Сходной точки зрения применительно к повести «Прощай, Гульсары!» придерживается и К. Асаналиев: «Гульсары—это душа Танабая» (Асаналиев К. Открытие человека современности. —Фрунзе: Кыргызстан, 1968, с.130.). А М. Борбугулов по этому поводу пишет: «Джаныбар- имеющий душу». Так у нас в Киргизии называют коня. Заметили ли вы, что Танабай ... мерит людей их отношением к золотистому Гульсары? И — никогда не ошибается. Человечность и жестокость, душевность и бездушие, широта натуры и себялюбие раскрываются, едва герой писателя «коснется» коня. Поэтизация Гульсары, своего рода одухотворение коня -мотив национальный, киргизский» (Борбугулов М. Жаныбар-имеющий душу. — Литературная газета, 1968, 5 ноября, с.4.).

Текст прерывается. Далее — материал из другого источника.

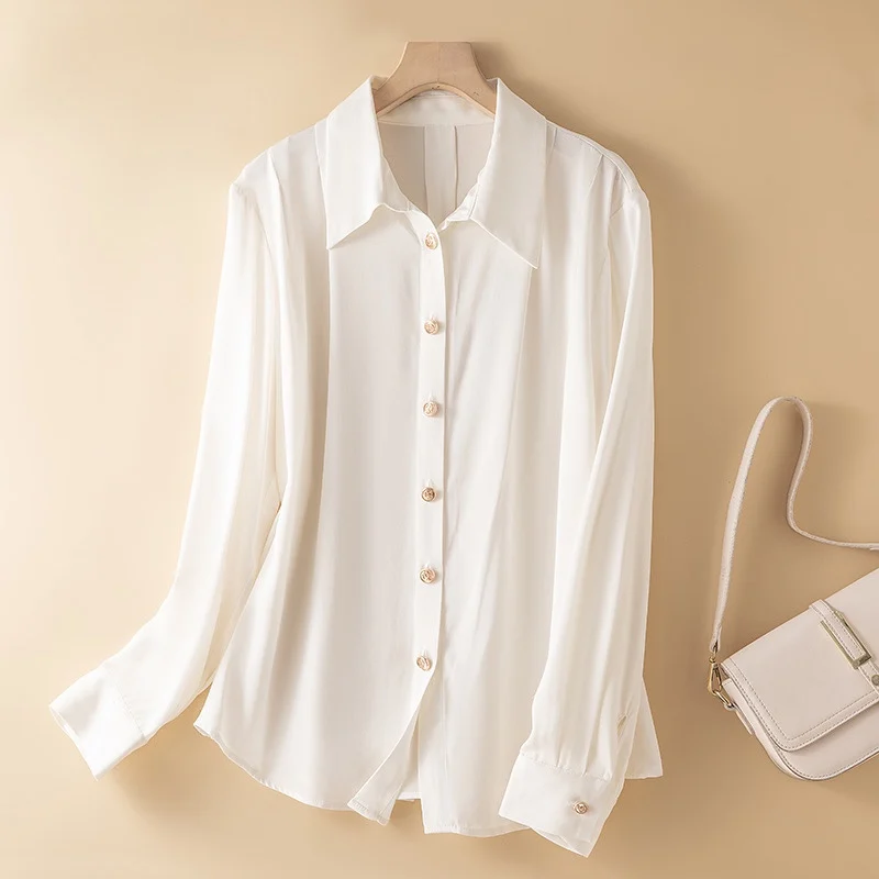 2024 Spring/Autumn New 93%Natural Silk Elastic Double Qiao Satin White Solid Color Versatile Fashion Women's Long Sleeved Shirt

Таким образом, наличие в художественной трактовке Айтматовым образа Гульсары мифологической традции древнего киргизского искусства, в частности - архаического представления о коне, — очевидно. На это обстоятельство указывал в свое время и Л.Якименко, подчеркивая, что «в сюжетной канве «Прощай, Гульсары!» — эпическая структура. История иноходца Гульсары и история пастуха Танабая восходят в своей пер-вооснове к поэтической ситуации, которая многократно разрабатывалась народной песней, эпическим преданием» (Якименко Л. На дорогах века. — М.: Художественная литература, 1978, с.168.).

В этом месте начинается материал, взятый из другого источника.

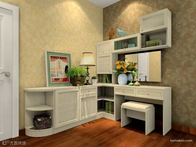 储物柜与梳妆台结合在一起,物品拿取方便,实用性高!

Однако, говоря об исторической преемственности в произведении Айтматова, мы далеки от утверждения какой-либо исключительности именно национально-эпической субстанции. Двуединый образ Танабая и Гульсары, прежде всего, порождение современного высокоразвитого художественного мышления, явление современного искусства, а следовательно и результат синтеза достижений многонациональной советской и мировой литературы. Произведений, посвященных взаимоотношениям человека и животных, в мировом искусстве немало. Достаточно вспомнить хотя бы знаменитого толстовского «Холстомера», где образ коня становится центром преломления сложнейших нравственно-философских проблем, или роман Т. Сыдык-бекова «Среди гор», где также содержится интересная история взаимоотношений человека и коня — Иманбая и Айсаралы (кстати, вторая книга романа была переведена на русский язык Ч. Айтматовым).

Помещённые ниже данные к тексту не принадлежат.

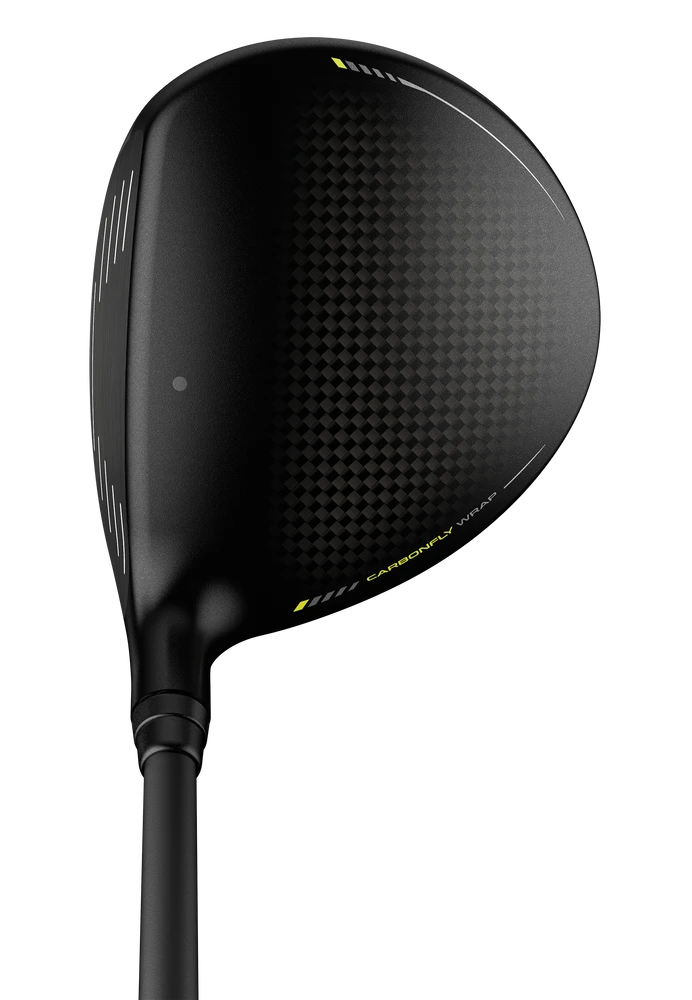 Carbonfly Wrap, an ultra-lightweight composite crown, wraps into the heel and toe sections of the skirt. Weight savings are reallocated to lower the CG and increase ball speed and MOI (forgiveness). The composite also plays a role in the pleasing sound.

Если сопоставить образы Холстомера и Гульсары, то по глубинной концепции, положенной в их основу, по антропоморфной своей природе они, действительно, очень близки. Создавая образ своего четвероногого героя, Л. Н. Толстой стремился воплотить в нем категорический императив своих идейно-нравственных исканий: гуманизм, моральная чистота и красота человека обнаруживаются в его близости к природе, в единстве со всем сущим на земле. И в унисон этому звучат и слова Ч.Айтматова, сказанные им в беседе с критиком Л.Новиченко: «...надо учитывать, что совершенствование человеческой души (чуткость, доброта, понимание прекрасного) идет и через отношение к природе» (Айтматов Ч. В соавторстве с землею и водою . – Фрунзе: Кыргызстан, 1978, с.273.).

Вместе с тем, в индивидуальной интерпретации образа коня Толстой и Айтматов обнаруживают и существенную разницу. И «Холстомер» и «Прощай, Гульсары!» имеют свою особую художественно-эстетическую структуру, несут на себе печать своего времени, своей национальной традиции. Если горькая исповедь некогда знаменитого, а затем из-за черствости, жестокости человека загнанного, брошенного, забытого Холстомера вводит нас в Россию второй половины XIX века, когда в своей бездуховности человек терял всякую связь со своей праматерью-природой, то история Гульсары — это отражение тех социально-нравственных противоречий, которыми сопровождалось становление нового социалистического общества.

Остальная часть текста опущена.